На чем зарабатывают Давос и вся Швейцария, когда форум заканчивается, а горнолыжники разъезжаются? На сыре и шоколаде? Маловато будет. На швейцарских часах? Там обороты миллионные, но для такой богатой жизни этого недостаточно. Удивительно, но даже швейцарские банки — не главное. В свое время они лишь аккумулировали средства, поступавшие от совсем другого бизнеса.

Главное богатство Швейцарии — мосты, которые сокращают путь не столько между обрывами швейцарских ущелий, сколько между севером и югом Европы. Именно идея брать с чужестранцев транспортный сбор и стала общей для когда-то разрозненных горных кантонов. По секрету швейцарцы рассказывают, что до сих пор свои мосты они минируют, чтобы никакой агрессор не сунулся в их завидно демократичную, но вместе с тем очень суверенную страну, у которой свои налоги и свои представления о непременном равенстве в отношениях, например, с ЕС.

Символично, что именно новые суверенные экономики — Россия, Бразилия, Индия, Китай, Южная Африка — теперь являются главным фокусом форума в Давосе. И хотя о России в ЕС привыкли отзываться с некоторым высокомерием, в этот раз на сессии, посвященной России, был необычный поворот.
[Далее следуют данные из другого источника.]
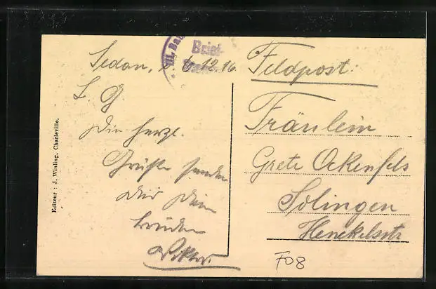 gelaufen 1916 als Feldpost, Stempelspur, guter Zustand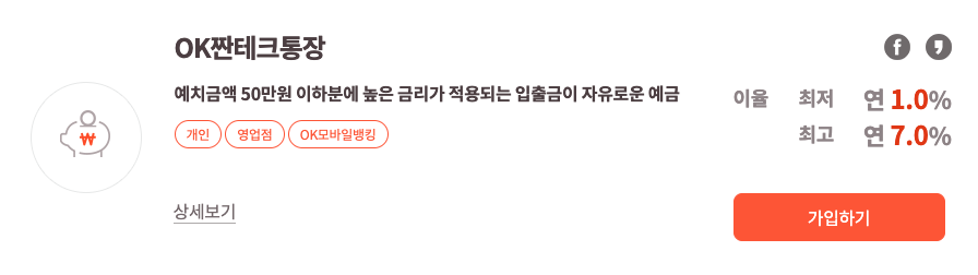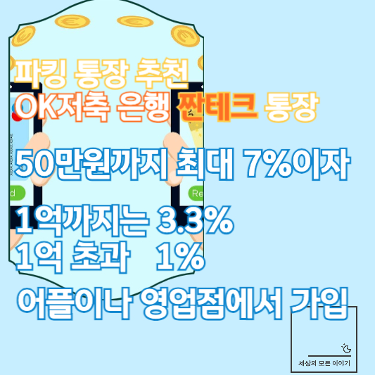 OK 저축은행 짠테크 통장은 OK 저축은행의 다른 상품을 이용하지 않는 분들을 대상으로 연 최대 7%의 이자를 제공합니다. 특이한 점은 가입 급액 제한은 없으나 50만원까지 연 7%, 1억 까지는 3.3%, 1억을 넘어서면 연 1%의 이자를 준다는 점입니다.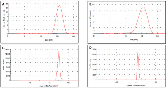 Representative size (A,B) and zeta potential (C,D) distribution for TS-MSNsiCtrl (A,C) and TS-MSNsiSurvivin (B,D). Mean values and SD are presented in Table 3.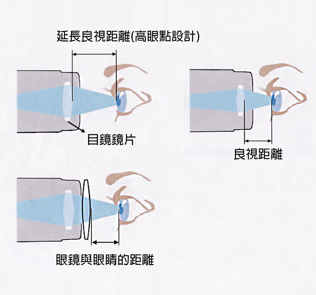 一般使用眼罩來維持目鏡鏡片與眼睛之間良視距離,良視距離長或短是跟目鏡設計有關。如果望遠鏡的良視距離較長(大於15mm),稱為延長良視距離Long eye relief (或稱High eyepoint高眼點設計),適合戴著眼鏡也可以直接拿起雙筒鏡看,大大的增加便利性,加上旋轉伸縮眼罩的機種使用更為方便。
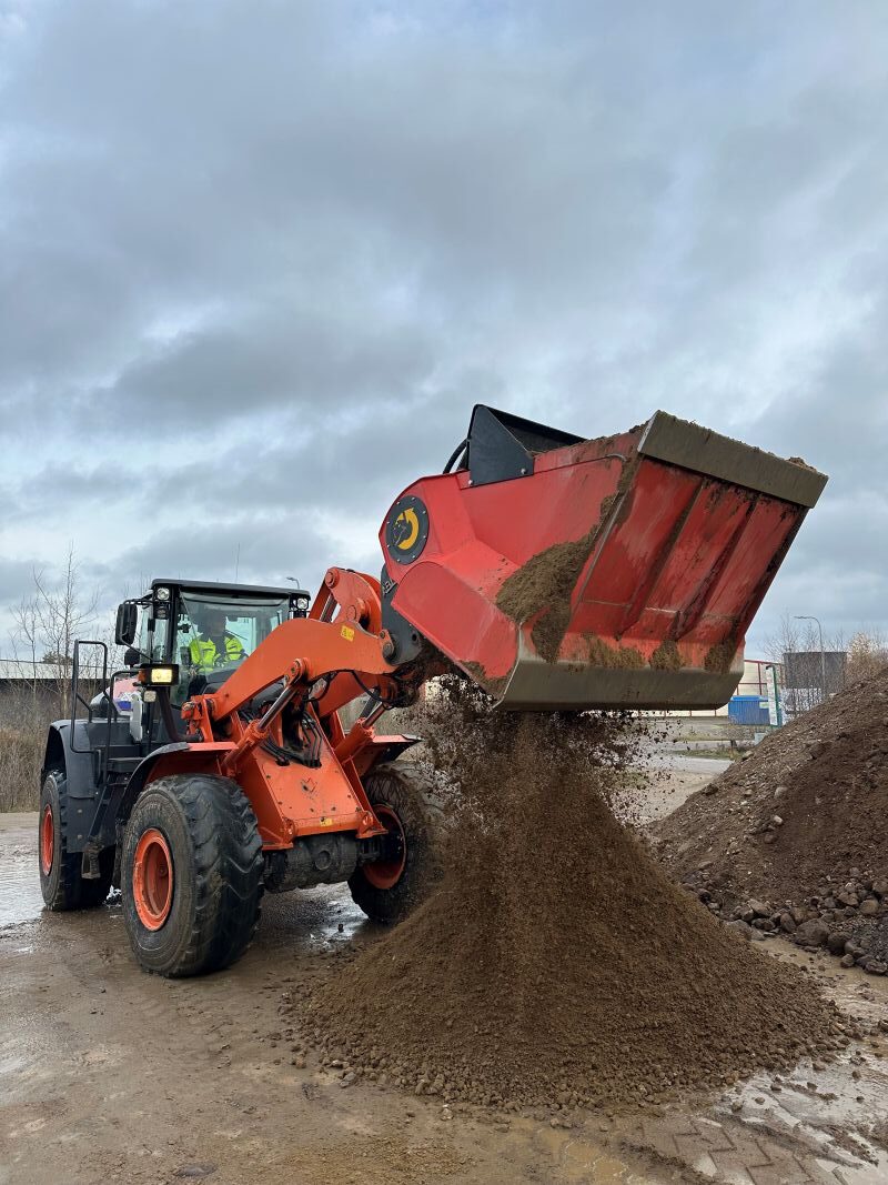 På återvinningsanläggningen i Kallinge sitter företagets ALLU DS 4-17, TS16 (TS32) för dagen monterad på en Hitachi ZW 250, en hjullastare i 20tons-klassen, men den passar lika bra på en större grävmaskin då den är utrustad med kombifäste som förutom stora BM också innehåller S70/S80. Maskinen rattas för dagen av Thomas Ottesen som arbetat med återvinning och framtagning av material i mer än 20 år. Han visar oss runt på den välorganiserade anläggningen där alla material ligger i ordning och reda, vare sig de väntar på att bearbetas eller väntar på att transporteras ut till kunder. Thomas Ottesen har bara kört med skopan ett litet tag, men tycker den var enkel att lära sig använda och han uppskattar särskilt flexibiliteten.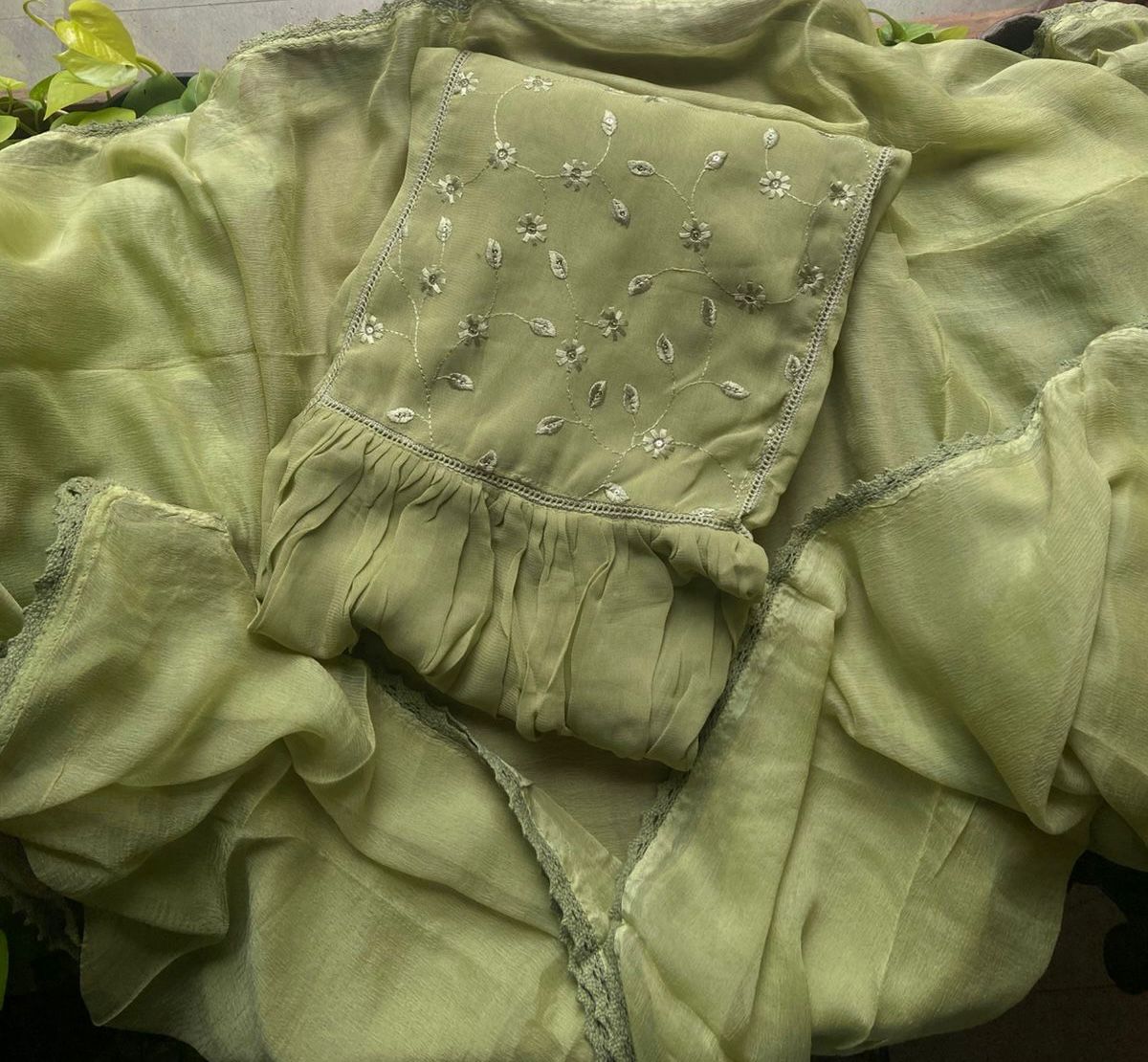 Presenting out Brand New Collection for Onam at a Special Price of ₹1499/- curated on Chiffon woth Cutwork and beautiful floral embroidery! Ethereal hues of Pink, Pearl Green, Ivory gold, Dusty pink & Jet black on Chiffon top and Duppatta with floral embroidery & Cutwork. The floral embroidery design is created to resemble pearl embroidery. Bottom is cotton silk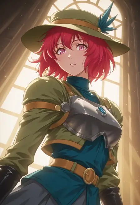 Kyuo Lyu, 1girl, solo, red hair, pink hair, short hair, purple eyes, pink eyes, hat, green hat, hat feather, green jacket, armor, dark cyan blue shirt, bridal gauntlets, polearm, grey skirt, thigh boots,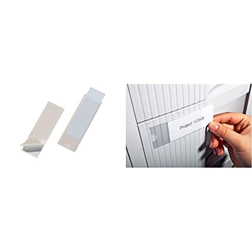 Durable 807419 Pocketfix, Tasca Adesiva, Apertura Lato Corto, Inserti Inclusi, 10 Pezzi, 129 x 42 mm, Trasparente & 802119, Pocketfix, Tasca Adesiva, Apertura Lato Corto, Inserti Inclusi, 10 Pezzi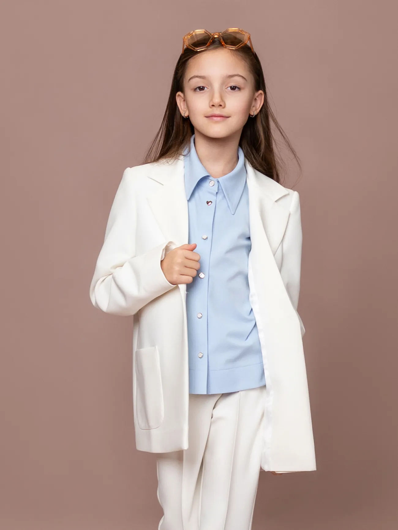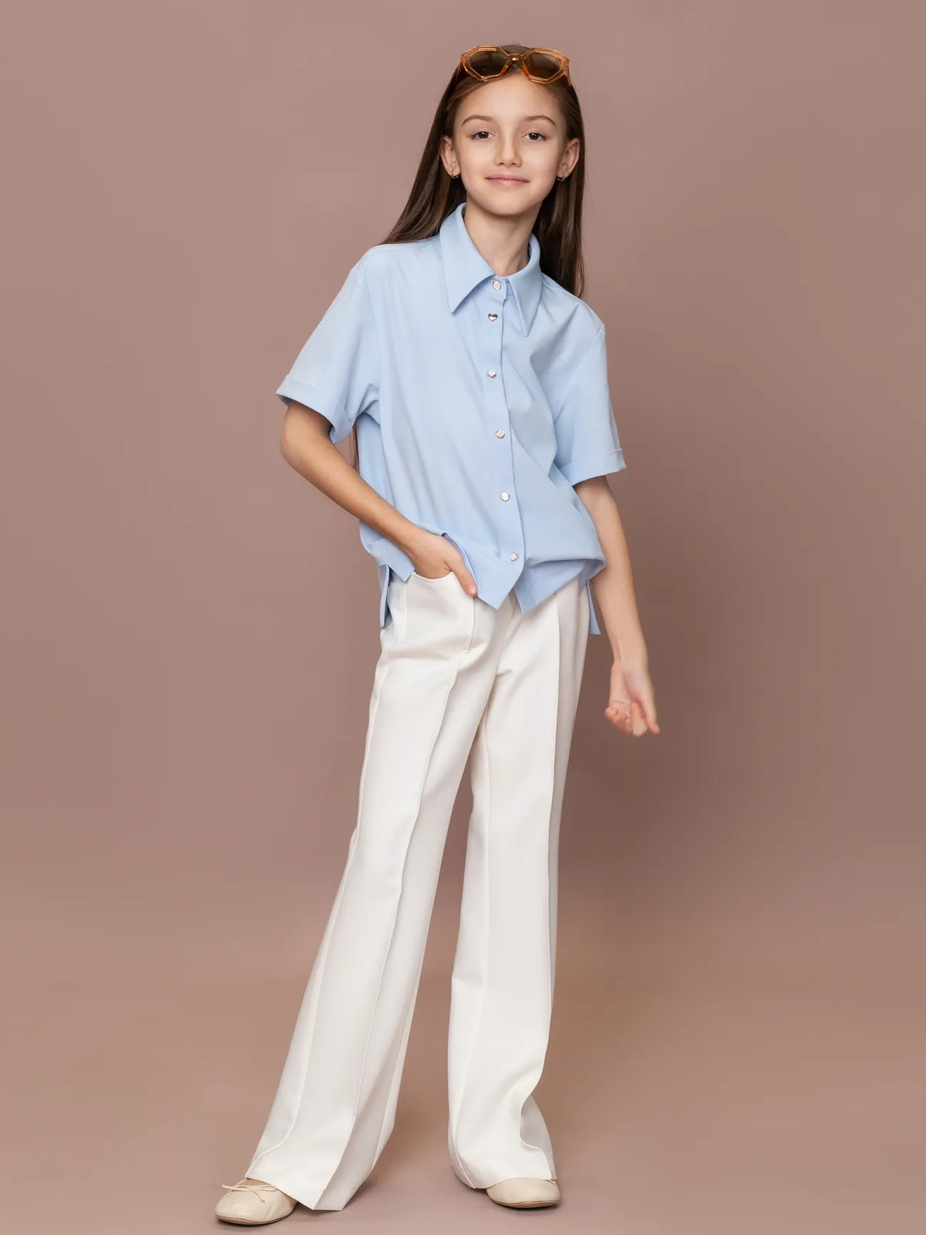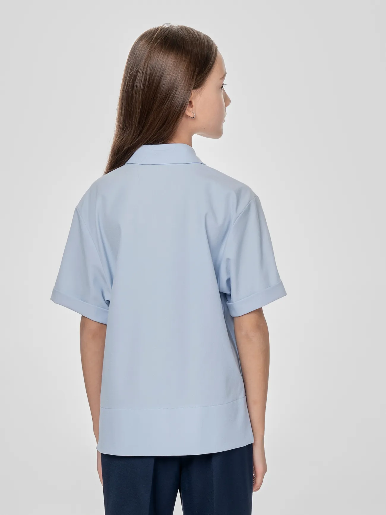 Укороченная рубашка с декоративными пуговицами – свежий взгляд на классические рубашки, сочетающий в себе официальную строгость и каплю кокетства. Рубашка прекрасно впишется в школьный гардероб, но не оставит обладательницу без нотки индивидуальности. Лаконичная, сдержанно нарядная, эта модель выполнена из легкой, практичной и приятной на ощупь ткани. Рубашка отлично сочетается с юбками, брюками, юбками-шортами Ole!twice, прекрасно вписывается в образы для официальных мероприятий, посещения театра, прогулок и фотосессий.

Глава Российского фонда прямых инвестиций Кирилл Дмитриев сделал простую вещь: он совокупно привел цифры, которые, например, лондонский журнал The Economist публикует еженедельно, но которые редко кто оценивает за несколько лет.

Наложенные на логотип российского председательства в «большой двадцатке», цифры такие: с 1999 года ВВП на душу населения вырос по паритетной покупательной способности в два с половиной раза, а по номиналу — в десять раз. Расходы федерального бюджета — в пятнадцать раз. Резервы Центробанка — в сорок четыре раза. Средняя зарплата — почти в четырнадцать раз. Активы банков — в двадцать шесть раз. Капитализация российского фондового рынка — почти в девятнадцать раз. Правда, когда дело дошло до голосования, главной задачей для России собравшиеся эксперты назвали улучшение госуправления. Но то — внешнее наблюдение. А по итогам своей командировки в Давос премьер-министр РФ Дмитрий Медведев поделился с «Вестями в субботу» своими внутренними ощущениями.

— Там же голосование было. Вы принимали в нем участие?

— Я голосовал, конечно. За третий вариант.

— Повышение конкуренции?

— Да, улучшение конкурентной среды, создание необходимых основ для конкуренции, развитие малого и среднего бизнеса. Развивая конкуренцию, мы тем самым улучшаем управление и боремся с той же самой коррупцией.

— Подвопрос про политическую конкуренцию. У нас — удивительная вещь. Вы даже говорите: давайте больше привлекать гражданское общество. В политической жизни конкуренция нужна. А вот в экономической чаще такого разлива мысли нет. Как с таким гражданским обществом реформы проводить?

— Я не предлагаю прислушиваться ко всему тому, что говорят на улицах. Это было бы абсолютно безответственно. Руководство страны должно все-таки опираться на мнение людей, но исходить из соображений разумной целесообразности, из экономических соображений, а не следовать любому тренду, будь то левый тренд, правый или еще какой-то. Мы обязаны впитывать самые разные точки зрения, но отнюдь не обязаны им следовать.

— И еще мы должны, как выяснилось из вашего выступления перед инвесторами на завтраке ВТБ, развивать сельское хозяйство и вновь начать кормить планету.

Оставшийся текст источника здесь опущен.